Interactions Between Mesenchymal Stem Cells and Dendritic Cells

Department of Experimental Medicine, University of Genoa, Via L.B. Alberti 2, Genoa, 16132 , Italy, .
Advances in biochemical engineering/biotechnology (Impact Factor: 1.66). 08/2012; 130. DOI: 10.1007/10_2012_154
Source: PubMed


Mesenchymal stem or stromal cells (MSC) are considered a promising new therapeutic strategy for the treatment of several pathological conditions. Due to their immunomodulatory properties, they are currently employed in clinical trials aimed at preventing or treating steroid-resistant acute graft-versus-host disease (GvHD), a frequent complication of allogeneic hematopoietic stem cell transplantation (HSCT).

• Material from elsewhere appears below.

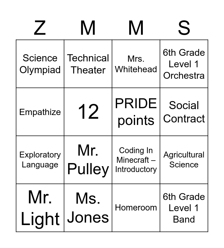 This bingo card has 24 words: Center for STEM and Advanced Studies / Gifted & Talented, Football, Social Contract, Project Invent, Empathize, Science Olympiad, 12, Technical Theater, Ms. Jones, Painting I, Exploratory Language, Coding In Minecraft – Introductory, Self-Discovery and Career Design, Infinite Campus, PRIDE points, Grade level counselor, Homeroom, Mrs. Whitehead, Mr. Pulley, Agricultural Science, Mr. Light, 6th Grade Level 1 Band, 6th Grade Level 1 Orchestra and Eastern Area Champions.

In addition, the use of MSC has been proposed for the treatment of autoimmune diseases. A number of recent studies have focused on the influence of MSC on dendritic cell (DC) function. DCs play a critical role in initiating and regulating immune responses by promoting antigen-specific T cell activation. Moreover, they are involved in efficient cross-talk with different cells of the innate immune system. DC are the most effective antigen-presenting cells and prime naïve T cells to initiate adaptive immune responses including those against allogeneic cells or self-antigens. Thus, alteration of DC generation or function may greatly contribute to the inhibition of T cell responses. In this context, MSC were shown to interfere with DC maturation from monocytes or CD34+ hemopoietic precursors thus further confirming their role in immune regulation and their usefulness in cell-based therapies.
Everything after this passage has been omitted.